### Activity
Each line of the data below from the one holding "O produto é" to the one holding "This paper analyzes", inclusive, is to be reproduced exactly; no other line belongs in the answer.

### Records for processing
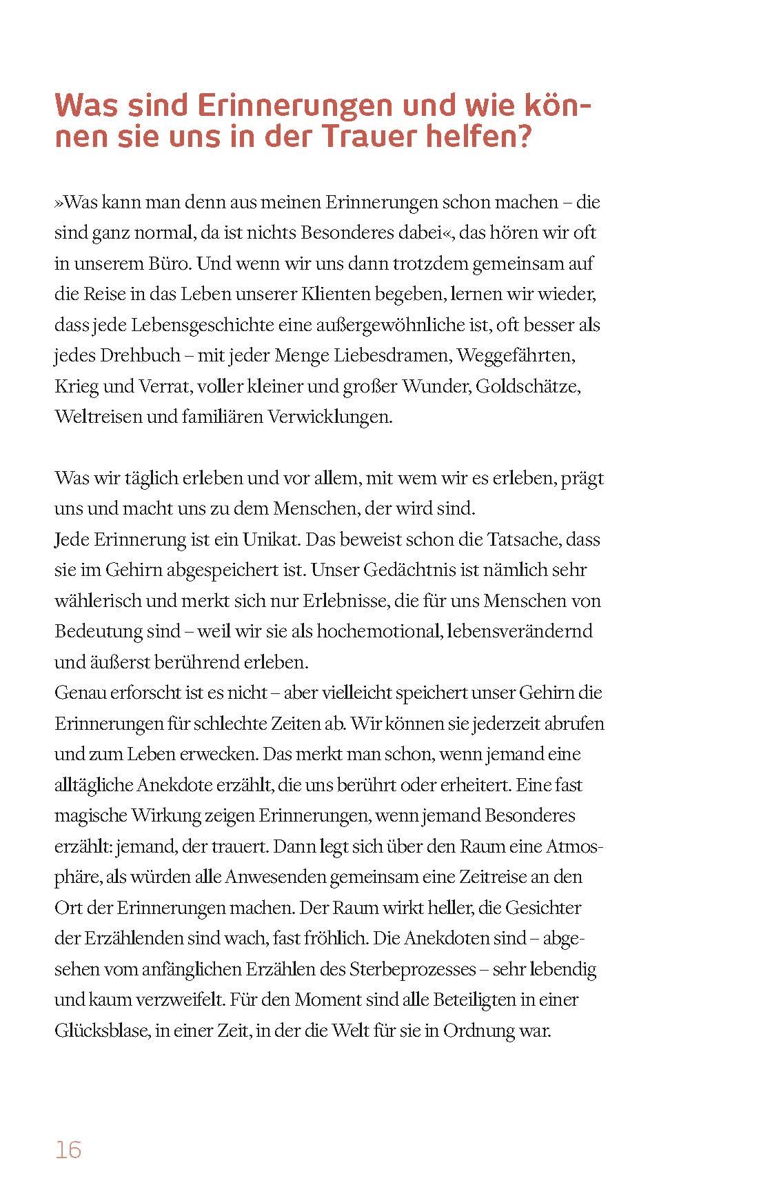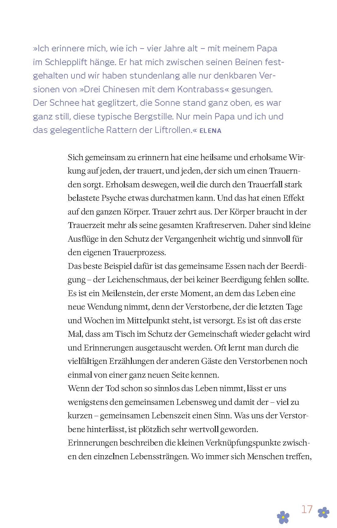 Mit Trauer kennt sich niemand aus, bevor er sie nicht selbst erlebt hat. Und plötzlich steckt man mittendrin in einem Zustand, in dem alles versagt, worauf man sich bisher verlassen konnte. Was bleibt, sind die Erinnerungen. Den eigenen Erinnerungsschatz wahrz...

==

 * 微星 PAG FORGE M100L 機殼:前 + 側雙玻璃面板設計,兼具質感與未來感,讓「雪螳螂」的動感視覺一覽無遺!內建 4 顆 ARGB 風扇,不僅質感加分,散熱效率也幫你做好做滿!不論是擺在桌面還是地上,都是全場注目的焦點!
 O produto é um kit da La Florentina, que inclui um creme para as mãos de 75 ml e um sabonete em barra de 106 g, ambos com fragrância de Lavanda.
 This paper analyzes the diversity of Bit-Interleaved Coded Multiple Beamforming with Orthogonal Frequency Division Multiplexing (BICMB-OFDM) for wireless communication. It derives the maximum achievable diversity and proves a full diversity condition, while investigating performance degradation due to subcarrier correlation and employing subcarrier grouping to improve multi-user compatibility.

### Exercise result
 O produto é um kit da La Florentina, que inclui um creme para as mãos de 75 ml e um sabonete em barra de 106 g, ambos com fragrância de Lavanda.
 This paper analyzes the diversity of Bit-Interleaved Coded Multiple Beamforming with Orthogonal Frequency Division Multiplexing (BICMB-OFDM) for wireless communication. It derives the maximum achievable diversity and proves a full diversity condition, while investigating performance degradation due to subcarrier correlation and employing subcarrier grouping to improve multi-user compatibility.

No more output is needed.